68) "Along with Hoechst 33258, it serves as a valuable tool in biological research (line 513) does not seem to be semantically correct with respect to "Along with". If "UNII-768N7QO4KH corresponds to Hoechst 33342" (line 512), how it can then be serving "Along with" it? Please correct.

69) Please change "Parkinson’s" to "Parkinson’s disease" (line 518).

70) Please replace "that" with something like "the effect" (line 520).

71) Please change "Notably" to something like "Namely" (line 527).

72) "In contrast, Hoechst dyes (UNII-768N7QO4KH and 33258 Hoechst) are limited to research due to cytotoxicity and potential genotoxicity" (line 531) does not seem to be correct as "UNII-768N7QO4KH" is not a "Hoechst" dye.

73) Please either provide "positions and accession number(s)" mentioned in "The names of the positions and accession number(s) can be found in the article" (line 541) or remove this sentence.

74) Please replace "Authors'" with "Author" (line 542).

75) Please change "Conceptualization, Data curation, Formal analysis, Investigation, Methodology, Resources, Software, Validation, Visualization, Funding acquisition, Writing" to "conceptualization, data curation, formal analysis, investigation, methodology, resources, software, validation, visualization, funding acquisition, writing" (line 542).

76) Please replace "Formal analysis, Funding acquisition, Investigation, Methodology, Supervision, Writing" with "formal analysis, funding acquisition, investigation, methodology, supervision, writing" (line 544).

77) Please change "Investigation, Project administration, Supervision, Writing" to "investigation, project administration, supervision, writing" (line 545).

78) Please replace "Conceptualization, Formal analysis, Funding acquisition, Methodology, Supervision, Validation, Visualization, Writing" with "conceptualization, formal analysis, funding acquisition, methodology, supervision, validation, visualization, writing" (line 546).

79) Please change "author(s)" to "authors" (line 548).

80) Please replace "Support Vector Machine" with "support vector machine" (line 560).

81) Please change "Random Forest" to "random forest" (line 561).

82) Please sort all abbreviations in the Abbreviations section according to alphabetical order.

Author Response

Major points:

Respond: We have revised Figure 3、4、5、6、7 and 8. I hope the revised version can meet the qualification of the magazine.

2) The red, black, and green traces in Figure 5D seem to lack description. Please either provide a graph legend or explain in the corresponding figure legend.

Respond: We have explained Figure 5D in the corresponding figure legend. As the number of trees increases, the training error reduces, while the out-of-bag and test errors reach a certain point of stability.

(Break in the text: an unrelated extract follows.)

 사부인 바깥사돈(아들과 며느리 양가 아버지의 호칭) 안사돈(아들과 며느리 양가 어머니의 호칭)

This demonstrates the benefit of increasing trees in a random forest, but beyond a certain number of trees, adding more trees doesn’t significantly reduce the error.

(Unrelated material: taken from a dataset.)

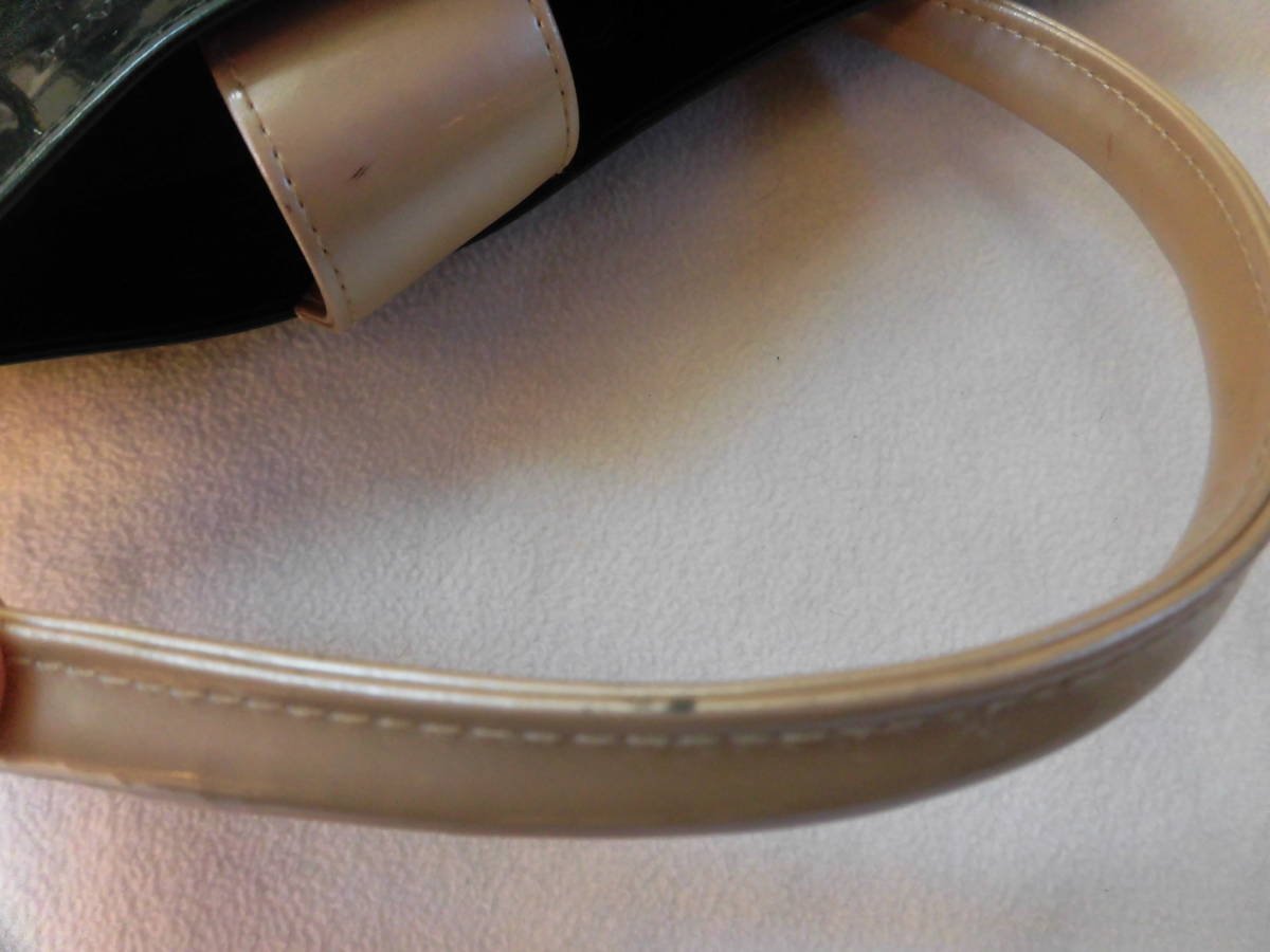 持ち手やベルトのベージュ部分に黒のシミがあります

Respond: We have revised Figure 5. I hope the revised version can meet the qualification of the magazine.

Respond: We have revised Figure 9. I hope the revised version can meet the qualification of the magazine.

Respond: We have plotted both the overall view of the complex structure as well as the detailed zoom narrowing down the precise chemistry of the binding site for each drug-target pair.

Respond: We have uploaded all background sources and calculation data used in this paper as part of the supplementary materials last time, please check whether it is suitable. We also added “Further inquiries can be directed to the corresponding authors” in the Data availability statement (line 661).

Minor points:

Please change "using" to "using the" (line 96).

Respond: We have changed "using" to "using the" (line 95).

Please replace "while" with "while the" (line 103).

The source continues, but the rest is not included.